Should national legislation be amended after the time of delivery, with the result that changes to the Goods are required to ensuring compliance with such new legislation, this not the responsibility of Mirit in any regard, regardless of whether such amendments of legislation occur within the deadline of notice of defects. Should such amendment be passed prior to delivery, Mirit reserves the right to adjust the price and delivery time accordingly.
11. Product Liability and the Allocation hereof between the Parties
All questions of product liability which may arise shall be resolved in accordance with the mandatory provisions in the Danish Act on liability for defective products (‘Produktansvarsloven’), which implements directive 85/374/EEC.
Except when mandatory provisions in ‘Produktansvarsloven’ stipulate otherwise, Mirit shall not be held liable for any damage to property caused by the Goods after they have been delivered to the Buyer and whilst in his possession. Nor shall Mirit be held liable for damages to products manufactured by the Buyer or to products in which such products form part.
Under all circumstances, Mirit cannot be held liable for loss of time, loss of production, loss of earnings, loss of profit or other direct or indirect or consequential losses which may arise, except when this follows from mandatory provisions in ‘Produktansvarsloven’.
Mirit’s liability for damage to property shall not exceed DKK 1,000,000.00 for any one event of damage.
The Buyer is obliged to renounce product liability to the extent legally possible in his contracts with third parties regarding the Goods, thus reflecting the limitations laid down in this Agreement. In addition, the Buyer is obliged to take out comprehensive product liability insurance that covers any claim of product liability that the Buyer may be held liable for.

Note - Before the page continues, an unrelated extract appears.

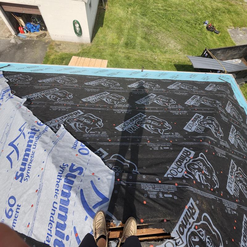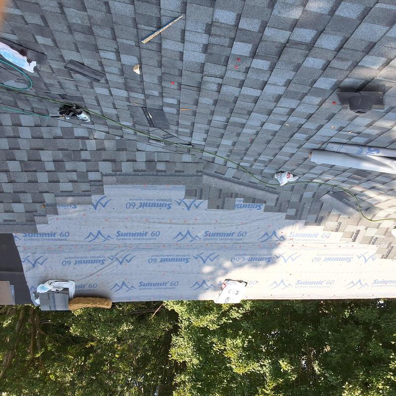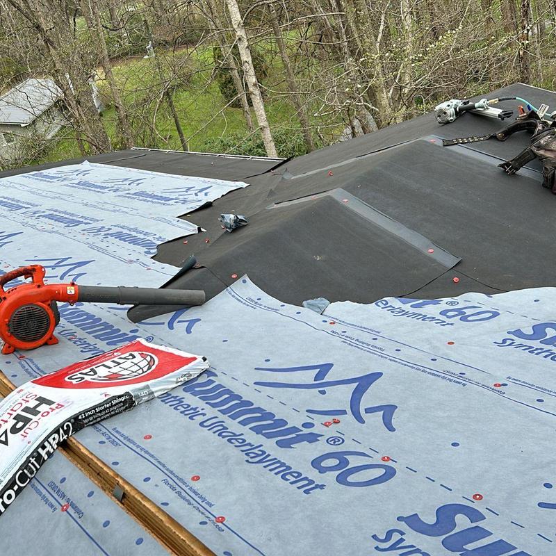 Speedy Pro Roofing completed a full roof replacement in Johnson City, Tennessee. The team removed old shingles down to the planking, installed ice and water barriers around the perimeter and in valleys, applied synthetic underlayment elsewhere, and finished with Atlas Pinnacle Pristine Majestic Shake shingles. New counter flashing was added at the chimney.

If Mirit is held liable towards any third party for damage for which Mirit is not liable according to the provisions of this Agreement, including but not limited to damages in excess of the liability amount cap, the buyer shall indemnify, defend and hold Mirit harmless.
If a claim for damage based on product liability is lodged by a third party against one of the Parties, the latter party shall forthwith inform the other party thereof in writing. The Parties shall be mutually obliged to let themselves be summoned to the court or arbitral tribunal against one of them on the basis of damage allegedly caused by the Goods. The liability between the Parties shall, however, always be settled according to this Agreement.
Any dispute arising out of or in connection with this Agreement, including any disputes regarding the existence, validity or termination thereof – which cannot be amicably solved by negotiations between the Parties – shall be settled by mediation administrated by The Danish Institute of Arbitration in accordance with the rules on mediation adopted by The Danish Institute of Arbitration and in force at the time when such proceedings are commenced.
If the mediation proceedings are terminated without a settlement, the dispute shall be settled by arbitration administrated by The Danish Institute of Arbitration in accordance with the rules of arbitration procedure adopted by The Danish Institute of Arbitration and in force at the time when such proceedings are commenced.
The arbitral tribunal shall be composed of three arbitrators. The place of arbitration shall be Copenhagen. The language to be used in the proceedings shall be English, unless otherwise agreed in writing between the Parties.
12. Applicable Law
This Agreement shall be governed by Danish Law.